Reputation: 81
In a dataframe with a column named source
, made of two different word lists
source words letter_count
1 list1 apple 5
2 list1 pear 4
3 list1 banana 6
4 list2 ford 4
5 list2 chevy 5
6 list2 apple 5
7 list2 banana 6
I'm trying to return a new dataframe that shows the duplicate words in list1 and list2
words letter_count
1 apple 5
2 banana 6
I'm using python and pandas
Upvotes: 0
Views: 84
Reputation: 8768
Here is a way to find if the same word exists in both lists in the source column.
df.loc[df['words'].isin(set.intersection(*df.groupby('source')['words'].agg(set))),['words','letter_count']].drop_duplicates('words',keep='last')
or:
l = ['words','letter_count']
m1 = df.duplicated(['words','letter_count'])
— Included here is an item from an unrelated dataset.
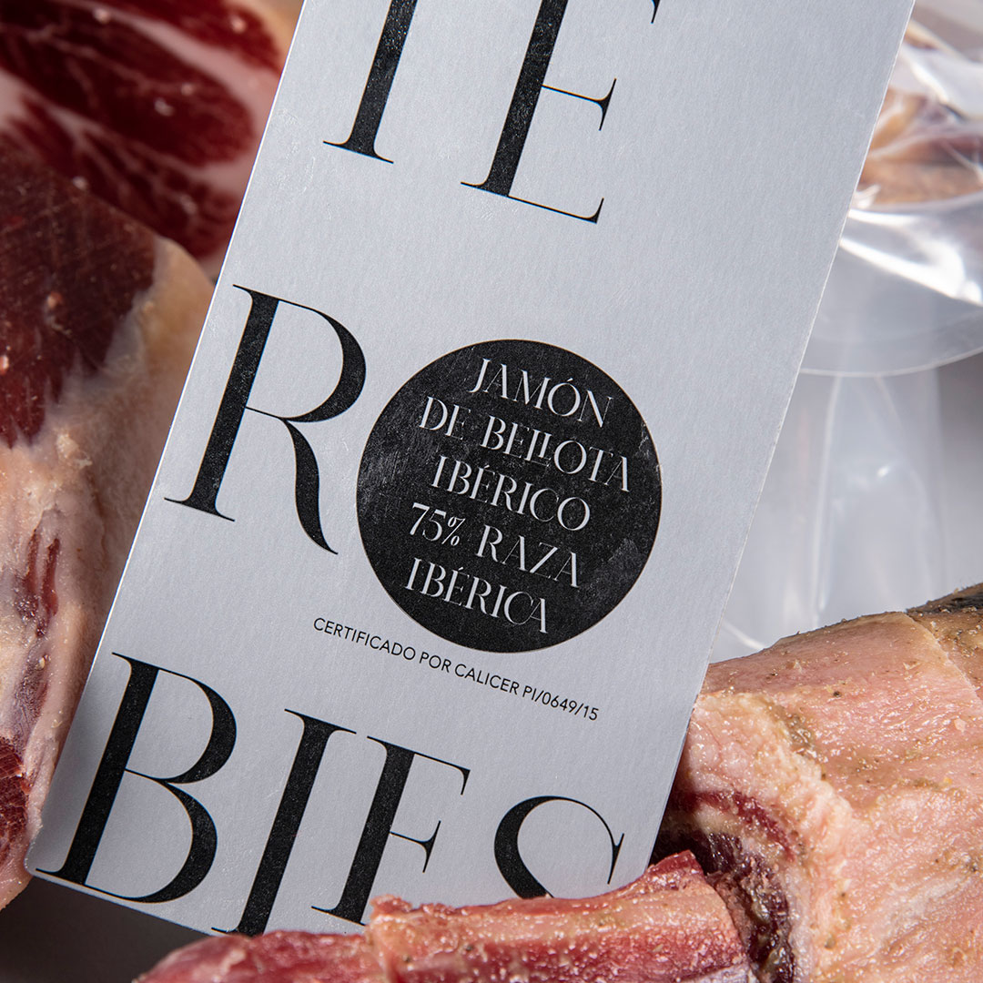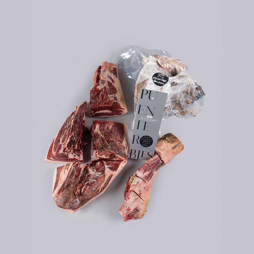 Ce jambon 75 % ibérique est le résultat de l'élevage minutieux de porcs ibériques nourris principalement de céréales et de glands, ce qui lui confère sa saveur unique et sa texture délicate.
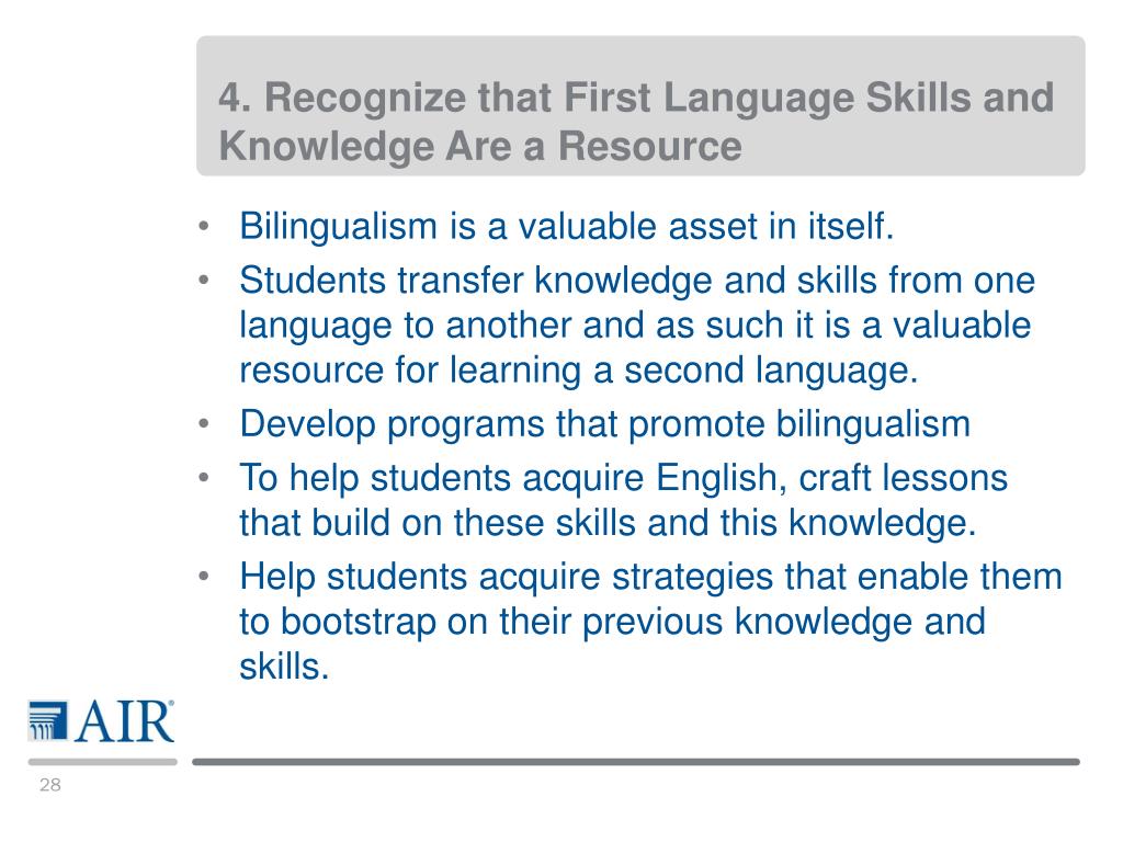 4. Recognize that First Language Skills and Knowledge Are a Resource • Bilingualism is a valuable asset in itself. • Students transfer knowledge and skills from one language to another and as such it is a valuable resource for learning a second language. • Develop programs that promote bilingualism • To help students acquire English, craft lessons that build on these skills and this knowledge. • Help students acquire strategies that enable them to bootstrap on their previous knowledge and skills.

m2 = df.groupby('words')['source'].transform('nunique').eq(df['source'].nunique())
df.loc[m1 & m2,l]
Output:
words letter_count
6 apple 5
7 banana 6
Upvotes: 0
Reputation:
I think you're looking for pandas.Series.duplicated()
. It returns a mask (a series containing True/False values corresponding to values that match a condition) where values that occur more than once in the series are True, and those that occur only are False. Then, you can index the dataframe with that mask:
new_df = df[df['words'].duplicated()].drop('source', axis=1)
Output:
>>> new_df
words letter_count
6 banana 6
7 apple 5
Upvotes: 1